Full Length ArticleEffect of pubertal suppression and cross-sex hormone therapy on bone turnover markers and bone mineral apparent density (BMAD) in transgender adolescents

- The effect of puberty suppression and cross-sex hormone therapy on bone health in transgender adolescents is unknown.
- P1NP and 1CTP decreased during therapy with GnRHa and were even lower after 24 months of cross-sex hormone therapy.
- The lumbar spine BMAD and Z-scores increased after 24 months of cross-sex hormone therapy in transgender adolescents.
- Added value of BTM measurements seem to be limited, but DXA-scans remain important in follow-up of transgender adolescents.
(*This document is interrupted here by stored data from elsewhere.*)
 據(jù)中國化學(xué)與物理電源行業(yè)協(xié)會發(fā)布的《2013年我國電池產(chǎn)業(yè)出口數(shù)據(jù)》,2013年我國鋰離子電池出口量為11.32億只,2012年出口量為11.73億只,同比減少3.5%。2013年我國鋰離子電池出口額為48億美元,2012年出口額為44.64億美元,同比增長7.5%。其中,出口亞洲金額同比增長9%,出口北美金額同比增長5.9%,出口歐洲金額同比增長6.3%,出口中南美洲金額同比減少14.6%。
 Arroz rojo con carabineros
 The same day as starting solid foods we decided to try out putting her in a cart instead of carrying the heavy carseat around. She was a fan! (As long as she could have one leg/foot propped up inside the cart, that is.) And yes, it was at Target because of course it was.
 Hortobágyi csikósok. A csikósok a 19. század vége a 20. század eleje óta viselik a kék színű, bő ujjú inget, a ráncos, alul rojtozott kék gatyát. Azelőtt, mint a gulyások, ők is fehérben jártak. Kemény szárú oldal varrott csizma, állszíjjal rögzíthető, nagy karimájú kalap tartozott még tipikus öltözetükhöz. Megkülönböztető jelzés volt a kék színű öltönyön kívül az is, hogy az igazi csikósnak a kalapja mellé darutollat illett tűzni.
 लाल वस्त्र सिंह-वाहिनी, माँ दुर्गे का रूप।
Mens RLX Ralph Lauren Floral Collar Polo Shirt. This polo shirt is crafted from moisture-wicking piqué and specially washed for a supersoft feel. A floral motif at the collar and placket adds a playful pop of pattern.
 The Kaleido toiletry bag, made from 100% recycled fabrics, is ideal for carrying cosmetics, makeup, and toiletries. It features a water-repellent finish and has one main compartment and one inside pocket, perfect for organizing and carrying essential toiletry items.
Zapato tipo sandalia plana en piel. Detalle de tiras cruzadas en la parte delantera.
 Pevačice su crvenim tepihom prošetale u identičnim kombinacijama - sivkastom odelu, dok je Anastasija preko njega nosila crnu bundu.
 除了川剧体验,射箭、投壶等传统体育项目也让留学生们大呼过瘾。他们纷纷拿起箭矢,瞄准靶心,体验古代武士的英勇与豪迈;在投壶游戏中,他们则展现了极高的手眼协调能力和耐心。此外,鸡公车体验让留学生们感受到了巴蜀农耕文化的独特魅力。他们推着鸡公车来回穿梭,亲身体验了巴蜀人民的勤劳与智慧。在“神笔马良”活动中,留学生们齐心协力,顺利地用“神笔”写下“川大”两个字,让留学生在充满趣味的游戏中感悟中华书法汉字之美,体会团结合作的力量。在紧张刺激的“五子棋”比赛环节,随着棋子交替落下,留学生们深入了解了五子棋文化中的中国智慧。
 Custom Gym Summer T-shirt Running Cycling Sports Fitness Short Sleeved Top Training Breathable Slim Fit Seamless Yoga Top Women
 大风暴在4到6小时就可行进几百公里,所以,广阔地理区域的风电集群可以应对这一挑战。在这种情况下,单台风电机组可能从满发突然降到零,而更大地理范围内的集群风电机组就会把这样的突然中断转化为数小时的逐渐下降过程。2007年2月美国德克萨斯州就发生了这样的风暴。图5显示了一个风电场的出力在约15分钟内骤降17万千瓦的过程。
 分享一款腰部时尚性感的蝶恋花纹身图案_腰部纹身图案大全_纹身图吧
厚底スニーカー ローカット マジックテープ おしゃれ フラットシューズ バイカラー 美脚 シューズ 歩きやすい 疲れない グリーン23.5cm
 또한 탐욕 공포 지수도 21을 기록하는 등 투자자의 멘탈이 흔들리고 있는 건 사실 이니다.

Puberty is highly important for the accumulation of bone mass. Bone turnover and bone mineral density (BMD) can be affected in transgender adolescents when puberty is suppressed by gonadotropin-releasing hormone analogues (GnRHa), followed by treatment with cross-sex hormone therapy (CSHT). We aimed to investigate the effect of GnRHa and CSHT on bone turnover markers (BTMs) and bone mineral apparent density (BMAD) in transgender adolescents. Gender dysphoria was diagnosed based on diagnostic criteria according to the DSM-IV (TR). Thirty four female-to-male persons (transmen) and 22 male-to-female persons (transwomen)were included. Patients were allocated to a young (bone age of < 15 years in transwomen or < 14 in transmen) or old group (bone age of ≥ 15 years in transwomen or ≥ 14 years in transmen). All were treated with GnRHa triptorelin and CSHT was added in incremental doses from the age of 16 years. Transmen received testosterone esters (Sustanon, MSD) and transwomen received 17-β estradiol. P1NP, osteocalcin, ICTP and BMD of lumbar spine (LS) and femoral neck (FN) were measured at three time points. In addition, BMAD and Z-scores were calculated. We found a decrease of P1NP and 1CTP during GnRHa treatment, indicating decreased bone turnover (young transmen 95% CI − 74 to − 50%, p = 0.02, young transwomen 95% CI − 73 to − 43, p = 0.008). The decrease in bone turnover upon GnRHa treatment was accompanied by an unchanged BMAD of FN and LS, whereas BMAD Z-scores of predominantly the LS decreased especially in the young transwomen. Twenty-four months after CSHT the BTMs P1NP and ICTP were even more decreased in all groups except for the old transmen. During CSHT BMAD increased and Z-scores returned towards normal, especially of the LS (young transwomen CI 95% 0.1 to 0.6, p = 0.01, old transwomen 95% CI 0.3 to 0.8, p = 0.04). To conclude, suppressing puberty by GnRHa leads to a decrease of BTMs in both transwomen and transmen transgender adolescents. The increase of BMAD and BMAD Z-scores predominantly in the LS as a result of treatment with CSHT is accompanied by decreasing BTM concentrations after 24 months of CSHT. Therefore, the added value of evaluating BTMs seems to be limited and DXA-scans remain important in follow-up of bone health of transgender adolescents.